If you ask me who owns the Alta Vista cul de sac, my answer is clear… neighbourhood kids. If you ask me who owns the public space elsewhere my answer has always been the same as everyone I spoke to this week: “the government”. Sometime between leaving our bike on our personal parking lot in the street and graduating High School we learn that public space is owned by the government. For as long as I can remember I have perceived public spaces as “owned” by the mayor and his/her friends. It has led me to a lot of magical and wrong thinking the worst of which is… I can’t adjust the way my town operates.
This week my mind was changed by Cheakamus Crossing and a guy from Toronto.
There are bus stops in Cheakamus Crossing that litterbugs like to decorate with all kinds of nasty. Cheakamus Crossing residents have been requesting the RMOW put in garbage cans, to no avail. The position of the RMOW is that there is centralized garbage pickup in all the CC strata and on the buses. Bin placement and maintenance is expensive so the hope is that people can get their garbage from their house to the bus. The problem is… it is likely that most of the litterbugs are Whistler newbs. A conundrum.
So, facing this trashvalanche a hero stepped from the shadows. Marc Belair the manager of the Whistler Youth Hostel organized an “adopt a stop” program. Residents jumped on it and households have taken responsibility for the beautification of CC and their particular stops. I am not sure if CC adopters are as excited about their new responsibility as I am, but I think the result of a frustrating situation is a pretty cool development: public ownership of public space.
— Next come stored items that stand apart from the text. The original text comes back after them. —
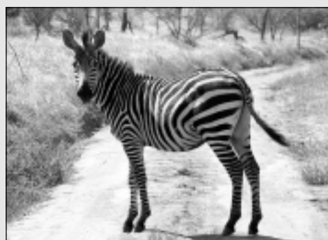
Zebra Akageras dabas parkā.
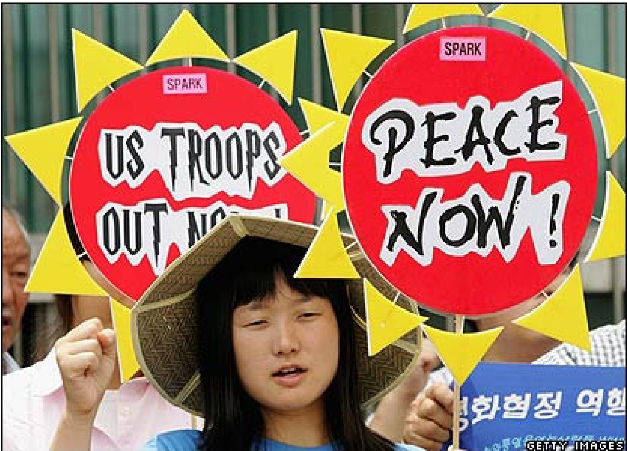
US TROOPS OUT NOW. Fra en stor fredsdemonstration i Seoul 31.juli 2007. Ud over dette krav forlangte demonstranterne også, at Sydkorea trækker sine tropper ud af Afghanistan omgående.
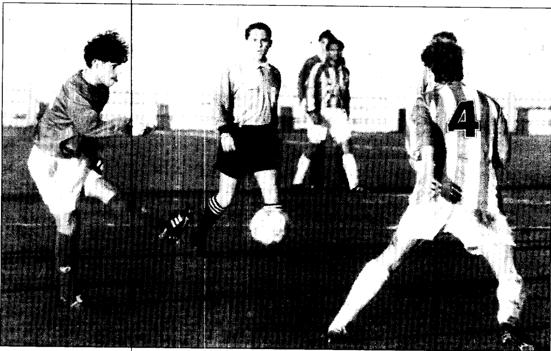
El Binéfar se mostró como un equipo muy correoso.

El Hernán Cortés atacó fuerte en los últimos minutos del primer período y se benefició con el segundo gol y la circunstancia de que los visitantes se quedaron

At first glance it looks like more like: public responsibility for public space… and what is so great about that? I think what gets me excited is that with responsibility comes some discovered rights and vice versa. In the same way that I have always viewed public spaces as “owned” by the mayor, I have also viewed them as static and unchangeable (unless the mayor says so). But if you are the caretaker of the bus stop its hard for the bosses to tell you not to plant tulips. After all… pubic space is called PUBLIC space!
For me it is a change of mind. I want my kids to see a world they can influence. I want to see a world I can influence. And that brings me to the guy from Toronto. Dave Meslin is his name and he calls himself a community choreographer but most would probably say ‘activist’. Whatever you call Dave he is a creative genius, in my mind. His vision is to be creative in his activism work rather than angry. He started by organizing permit-less street parties and painting his own bike lanes on Toronto streets. The result was a community of people who saw Toronto as a place they could change… as a place that was malleable. Whatever you think of his “radical” actions, what it does show is that the world we live in is malleable.
I think a community where public spaces are owned by the public is probably a more interesting place, if not a better place. So the Cromptons have decided to adopt the Alta Vista bus stop at the mailboxes. We went by today and unfortunately the sign has actually been ripped down… tough start. My hope is that in a couple months people will think of our bus stop as a great place to be! The love of my life and my eldest spent the morning making fun of my bus stop. “Maybe a free lemonade stand, or a coffee stand… best bus stop in Whistler”… they mock, but we’ll see who’s laughing in a couple months.
I hope a community like CC, actively taking care of their commons, will make it more likely that newcomers and serial garbage throwers will start to share that valuing of the commons. I am now convinced my home (Whistler) is malleable and interested people with a desire to make changes, can. Maybe, I’ll even be able to get my kids’ sh!t off the street!